By 1877 or 1878 Achilles Wood Wright was again the ship's main owner. There are discrepancies about Light Brigades ownership between her entries in Lloyd's Register and the Mercantile Navy List.

In 1880 or 1881 Sir John Arnott & Co was Light Brigades main owner. Arnott was a prominent entrepreneur in Cork, and the first of the Arnott baronets.

In February 1883 Light Brigade reached Queenstown, Virginia 19 days out of New York, leaking badly. She was subsequently condemned. Lloyd's Register last records her in 1884, still owned by Sir John Arnott & Co.

==Gibraltar hulk==
Between 1883 and 1885 Light Brigade quickly changed hands. In 1884 the Mercantile Navy List records a James F Gibb of London as her main owner. Lloyd's Register records her main owner as MA Serfaty, followed by a Yomtob Bergel. 1884 is Lloyd's Registers last record of her. By 1885 she was registered in Gibraltar, where Bergel used her as a coal-hulk.

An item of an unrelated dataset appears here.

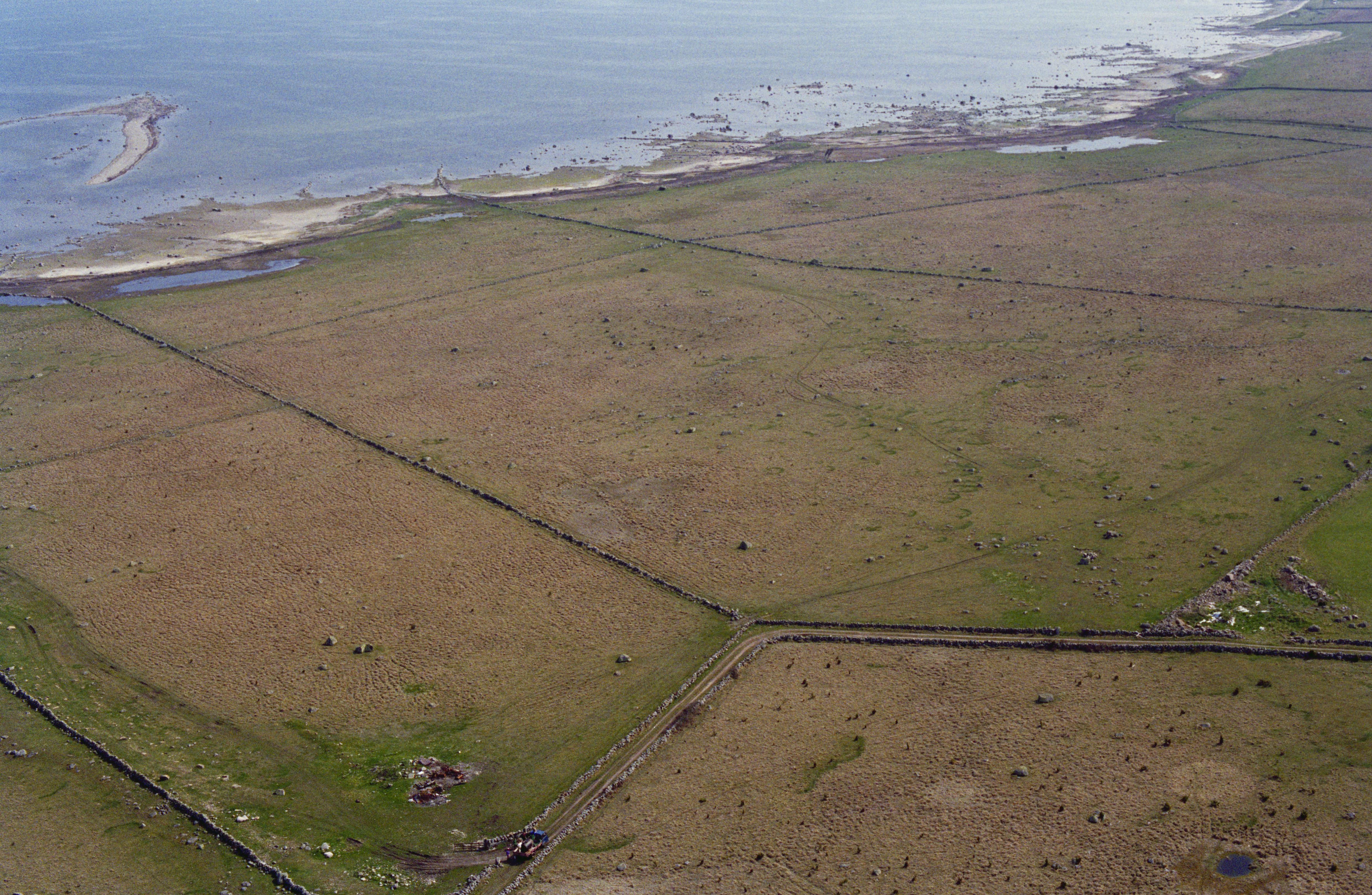 Beskrivning: Jättegravarna. Husgrunder RAÄnr Löt 18:1, hägnad Löt 18:2, stensättningar Löt 22:1-3, röse Löt 21:1. I bildens övre del till vänster skären Bådarna. Bilden är tagen mot (väderstreck): SO

Light Brigade was still in Bergel's ownership in 1900. By 1902 The British Coal Company (Gibraltar) owned her. The Mercantile Navy List last records her in 1923, still owned by the British Coal Co, and still registered in Gibraltar as a barque.

==See also==
- List of clipper ships

==Note==
- One source states that Ocean Telegraph was built by Hayden & Cudworth. This is not supported by any other source. This clipper ship was built by James O. Curtis.